Methods – HLA-B*27:05 and mutants resembling the HLA-B*27:06 and 09 subtypes were expressed in the rat C58 T cell line, the human CEM T cell line and its calnexin deficient variant CEM.NKR. Immunoprecipitation, pulse chase, flow cytometry and immunoblotting were performed to study the assembly kinetics, heavy chain dimerisation and chaperone associations.

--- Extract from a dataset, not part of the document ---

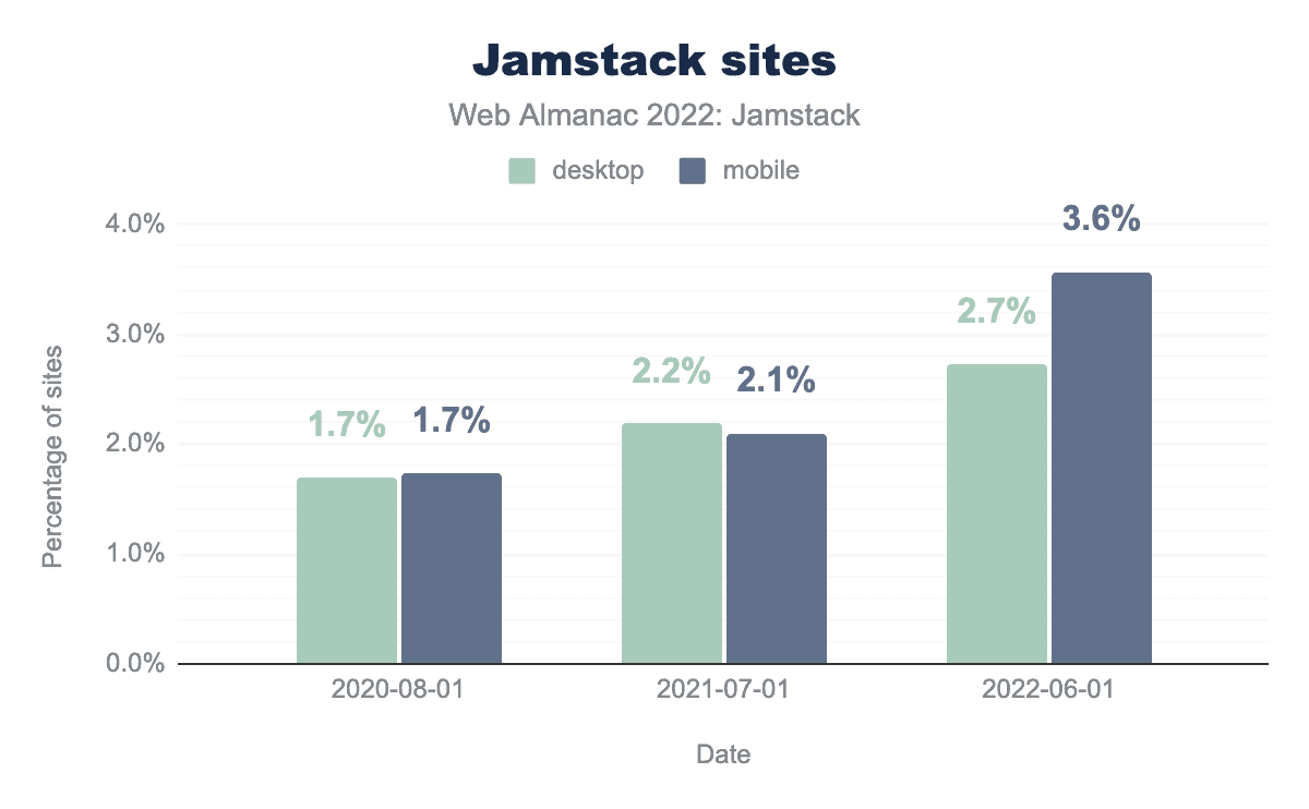 Webの3.6%(またはデスクトップの2.7%)が正確にJamstackであるかどうかは、Jamstackの定義が検証できないアーキテクチャの選択に依存しているため、私たちは確実に言うことはできませんが、Jamstackが成長していることは確かです。私たちの基準を満たすサイトの割合は年々着実に増加しています。Webはより「Jamstack的」になっています。

Results - By expressing HLA-B*27:05, 06-like and 09 alleles on a restrictive rat TAP peptide transporter background, we demonstrate that a tyrosine expressed at p116 or together with an aspartic acid residue at p114 inhibited HLA-B27 dimerisation and increased the assembly rate. F pocket residues alter the associations with chaperones of the early MHC class I folding pathway. Calnexin was demonstrated to participate in endoplasmic reticulum (ER) stress mediated degradation of dimers, whereas the oxidoreductase ERp57 does not appear to influence dimerization.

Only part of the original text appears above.